Мерцание золота
Шрифт:
— Вишь, какие наши места? — подмигнул мне старший. — А ты, дурочка, боялась.
Хлопцы заржали.
В деревне у крайнего дома мне велели остановиться. Все вышли, громко захлопнув за собой двери.
— Жди, — сказал старший. — Сейчас вынесем сколько надо.
Я понял, что денег мне не видать.
«Ну и ладно, — подумал я, разворачиваясь. — Хорошо, не придушили. Народ в Чоботах смирный…»
Я позвонил в Минск, в Союз писателей, и рассказал о печати Мулатова.
— Да пошли они со своей печатью! — услышал я в трубку. — У нас независимое государство,
Я понял, что сидеть на двух стульях не имело смысла, и забрал из МСПС свои вещи, благо их там практически не было. Мулатов меня не удерживал. Консультанты оставались лишь по узбекской, казахской, таджикской и киргизской литературам, что называется, из ближайшего окружения Мулатова.
— Сколько ты там продержался? — спросил Коваль.
— Месяц, — сказал я.
— И то много, — кивнул он. — Я тоже заявление написал.
— Чем будешь заниматься?
— Книги писать. Теперь это единственное, что имеет смысл.
Но я его примеру следовать не стал. Наоборот, я считал, что в нынешние времена служба, пусть и низкооплачиваемая, гораздо перспективнее, чем написание книг, пусть и нужных народу.
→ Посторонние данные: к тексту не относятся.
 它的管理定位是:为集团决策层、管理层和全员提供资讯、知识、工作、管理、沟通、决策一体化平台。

— О чем пишешь? — на всякий случай поинтересовался я.
— О террористах.
Это была очень нужная книга. Но я Ковалю не завидовал. Не всем ведь становиться нобелевскими лауреатами. Невзирая на вид типичного москаля, я оставался белорусским писателем. А какие из нас нобелианты?
6
В Минске внешне все вроде оставалось по-старому, однако в умах тоже происходили изменения.
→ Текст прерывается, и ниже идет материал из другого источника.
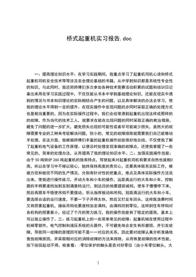4..3起重机承载能力:A、起重机的结构和机械部件的设计全部应考虑承受动静荷载以及由于碰击所引起的外力B、起重机的大小车运行机构的设计应允许在空载全速运行时,在断掉电源的情况下与缓冲器碰撞,而不造成设备损坏。
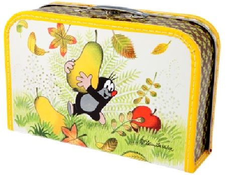 Kvalitný detský šitý kufrík s kovovou prackou a držadlom je z tvrdeného papiera a laminácií na povrchu s pekným dizajnom Krtka. Rozmery výrobku 35 x 22 x 10 cm.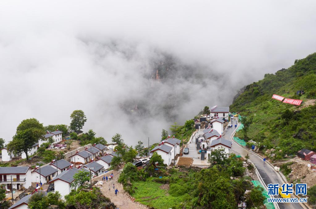 2020年6月30日,一輛客運(yùn)面包車行駛在四川涼山州布拖縣阿布洛哈村新完工的村道上(無(wú)人機(jī)照片)。新華社記者 江宏景 攝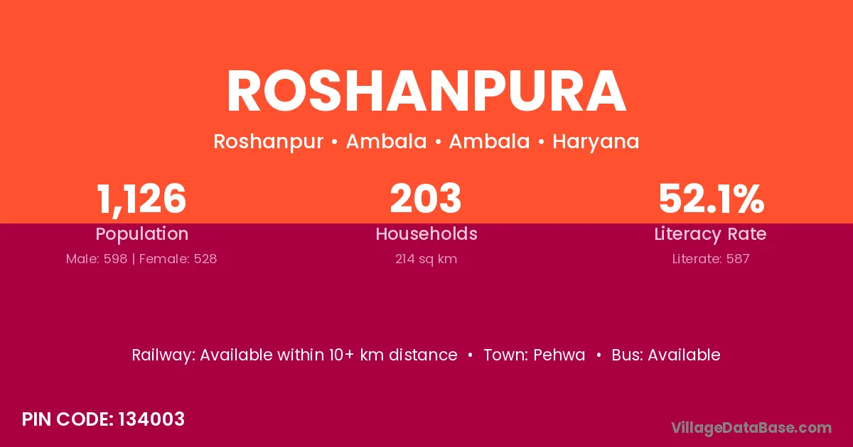 Thakurdwara (20 km) is the nearest town to Roshanpura village for major economic activities and is located approximately 20 km away.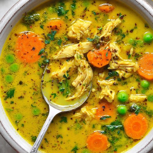 When I first started playing around with turmeric in soups, I didn’t expect it to become one of my go to ingredients for comfort and health. This turmeric chicken soup feels warm in a way that goes beyond the bowl. It’s the kind of meal you reach for when your body asks for something gentle yet nourishing. The golden color always makes me pause for a second before that first spoonful. It’s like the soup itself promises calm. With chicken for protein, vegetables for balance, and turmeric for that gentle anti inflammation support, it’s both familiar and slightly new every time I make it. I keep this recipe close whenever I want a healthy hearty soup that doesn’t taste like ‘health food.’ It feels real, like the kind of thing you can serve on a busy weeknight or carry to the table when friends come by. It sits somewhere between everyday cooking and a small act of care for yourself. That’s why it fits right at home with healthy soup recipes and why it stands out as one of my favorite anti inflammation recipes dinner.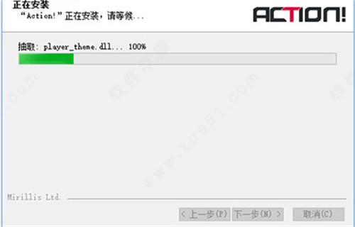 1、在软件学堂内下载到mirillis action汉化破解版的压缩包然后进行解压,在文件内双击.exe文件进行安装,默认中文,点ok。
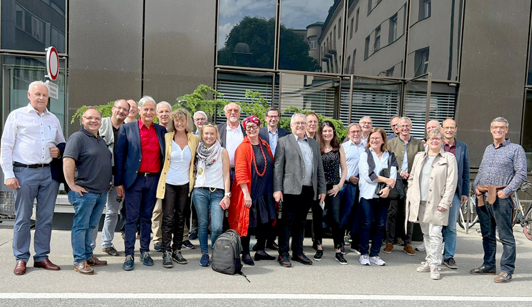 Nach dem Mittagessen in der Mensa der tirol kliniken bei dem die Gäste von Geschäftsführer Stefan Deflorian willkommen geheißen wurden, schnupperten die „Alt-Fachschaftler“ im wieder den Geruch der Vergangenheit, im wahrsten Sinne des Wortes: Denn nach einem Verdauungsspaziergang auf dem Klinikgelände versammelten sie sich im einzigen unveränderten Hörsaal, jenem der Psychiatrie, wo Hans Grunicke über die Entwicklung der Medizinischen Fakultät der 1960er Jahre hin zur Medizinischen Universität von heute referierte. Bei einem geselligen Abendessen im Gasthaus Bierstindl ließen die Teilnehmer:innen des „Altfachschaftler“-Treffens den Abend ausklingen.

— Перехожу в католики, — сказал мне Алесь Гайворон.
Мы сидели в баре «Ромашка», потягивая «Казачок» — водку с апельсиновым соком.
За время, пока мы не виделись, Алесь погрузнел, превратившись в местечкового дядьку, у которого в жизни остался один интерес — практический.
— Почему не в униаты? — спросил я.
Лет пятнадцать назад мы с ним всерьез изучали проблемы униатства в Беларуси. Что было бы, если бы в Северо-Западном крае действительно возобладали последователи Иосафата Кунцевича, которого утопили в Западной Двине взбунтовавшиеся витебчане? Беларуси сегодня надо было выбираться на свой шлях, но никто не знал, как это сделать.
— Надо переходить под сильную руку, — устремил взор вдаль Алесь.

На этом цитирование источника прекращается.